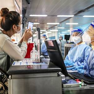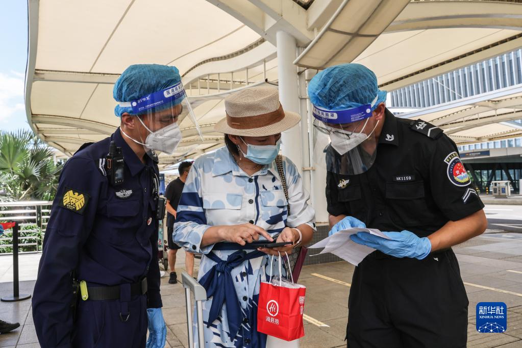 8月14日,??诿捞m機場(chǎng)的工作人員查驗旅客的核酸信息。
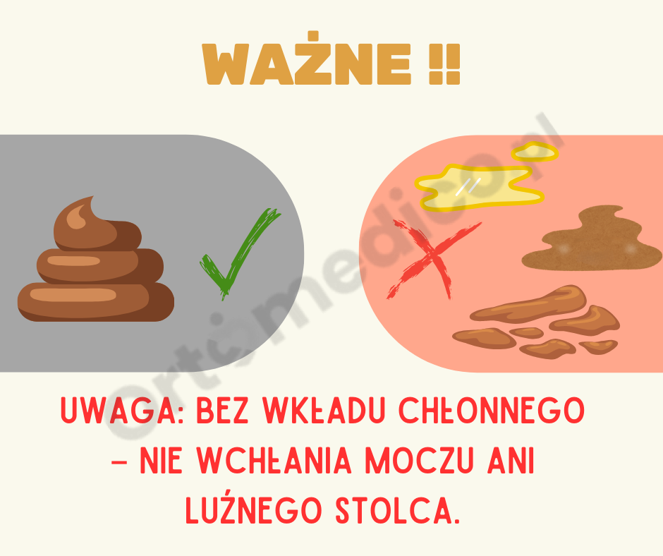 Brak wkładu chłonnego: Produkt nie wchłania moczu ani luźnego stolca, przeznaczony wyłącznie dla osób z nietrzymaniem stałego stolca.
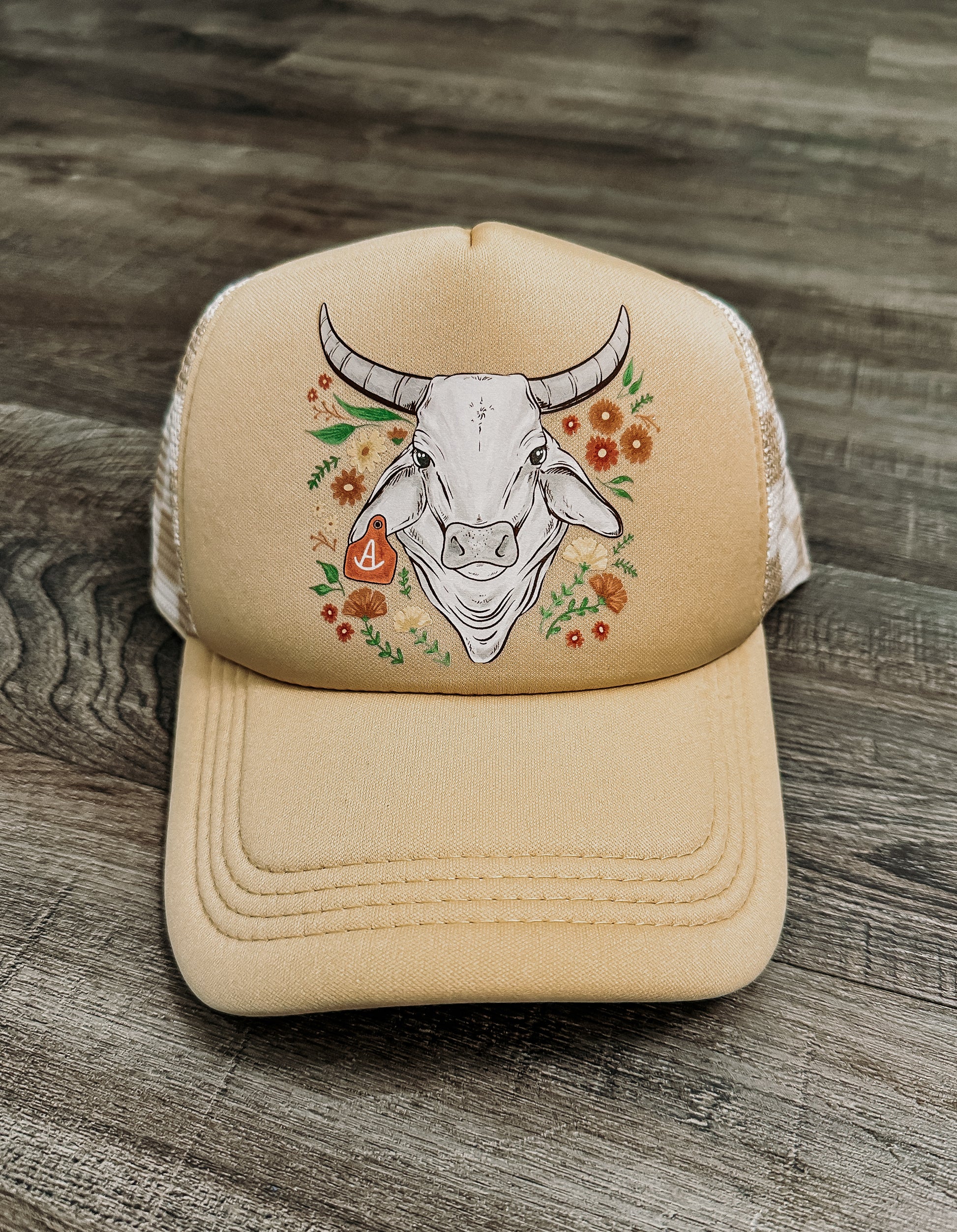 This Wild Bloom trucker hat is a Western Junkie Co exclusive, featuring our signature floral Brahma design on a soft tan/muted mustard front. The checkered mesh back adds a touch of boho grit while the bright floral bull brings full-on cowgirl bloom energy.

> _TASK BRIEF_
What you need to copy is the run of lines from the one holding "Brak wkładu chłonnego: Produkt" through the end of the data, exactly and only, both ends included, pictures omitted.

> _ANSWER TO THIS PROBLEM_
 Brak wkładu chłonnego: Produkt nie wchłania moczu ani luźnego stolca, przeznaczony wyłącznie dla osób z nietrzymaniem stałego stolca.
 This Wild Bloom trucker hat is a Western Junkie Co exclusive, featuring our signature floral Brahma design on a soft tan/muted mustard front. The checkered mesh back adds a touch of boho grit while the bright floral bull brings full-on cowgirl bloom energy.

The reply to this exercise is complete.